I think he's beautiful. I can't really spot anything glaringly wrong with him. Big hip, short pasterns, maybe slightly long canon bones, maybe a straight shoulder, I'm not sure, but I think he's a very handsome guy!


----------



## tinyliny (Oct 31, 2009)

he's cute. he sure has a big head. Nice shoulder!


----------



## nyx (Jun 12, 2012)

He does have a big head! Looks a little ewe necked.. You can send him my way if you want lol hes gorgeous!


----------



## blue eyed pony (Jun 20, 2011)

^ not ewe necked IMO, just straight where you're used to seeing lots of arch (thin Andalusian, think big archy neck, right?). Still not attractive, but not as bad as a true ewe neck, and could be made to look nicer with good dressage work. The bottom line of a ewe neck is equal to or longer than the top line, that's not the case in this horse where the top line is significantly longer.

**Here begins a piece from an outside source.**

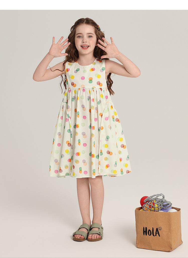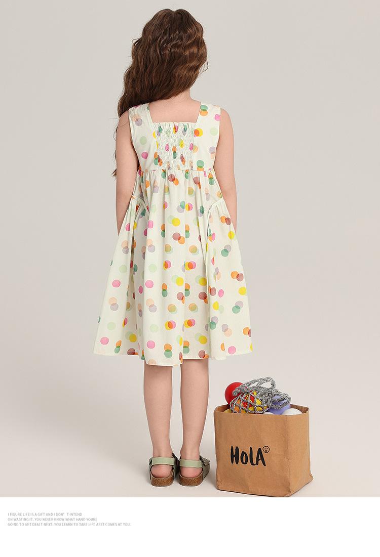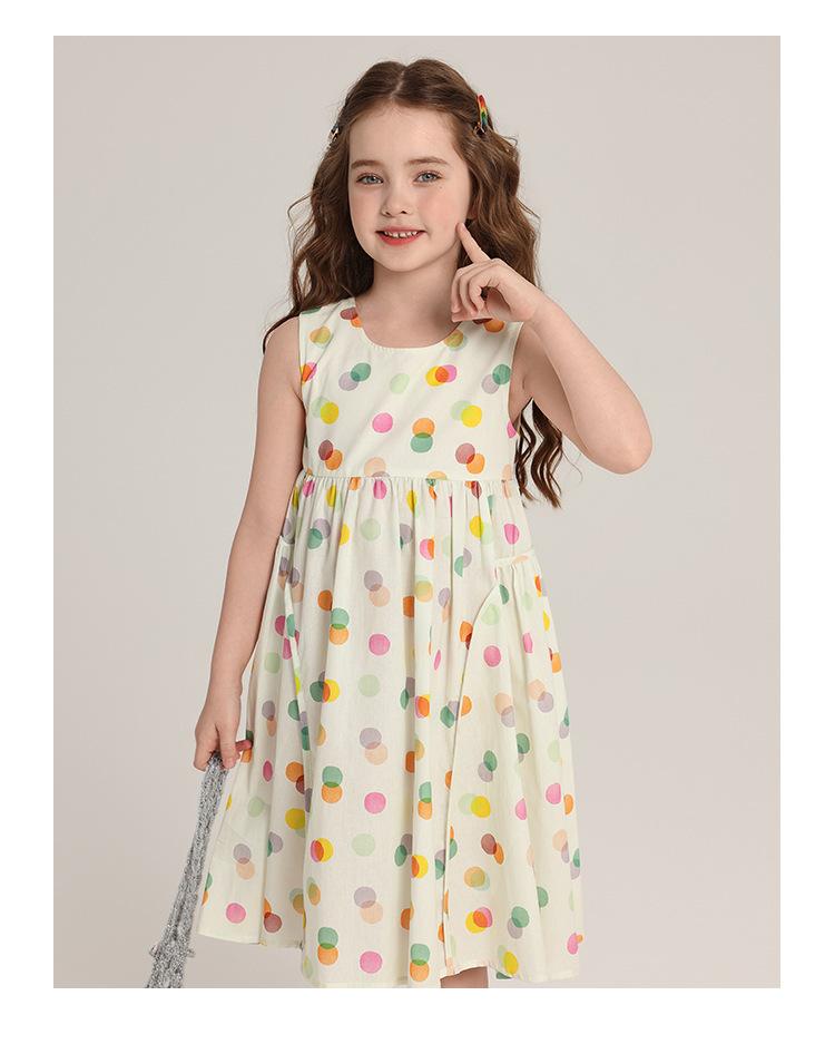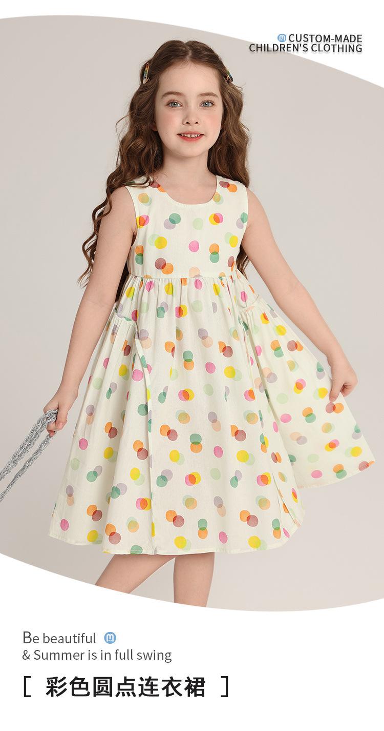 Pudding Haru Ropa para Niños Vestido de Verano Falda Larga para Niñas Verano 2025 Nuevo Vestido Chaleco de Lunares Coloridos para Niños

Other than the neck, and the big head, I quite like him. Slightly long back for his body, and very long cannons. His body itself is quite nicely proportioned with shoulder/hip/barrel all roughly equal in size. I say his back is a tad long for his body because the point of his croup is quite far back.

EDIT; and is it just me or is he a tad back at the knee? Back at the knee isn't a good thing, but he's not terrible. I just wouldn't use him for a lot of high-impact riding such as jumping or barrels.


----------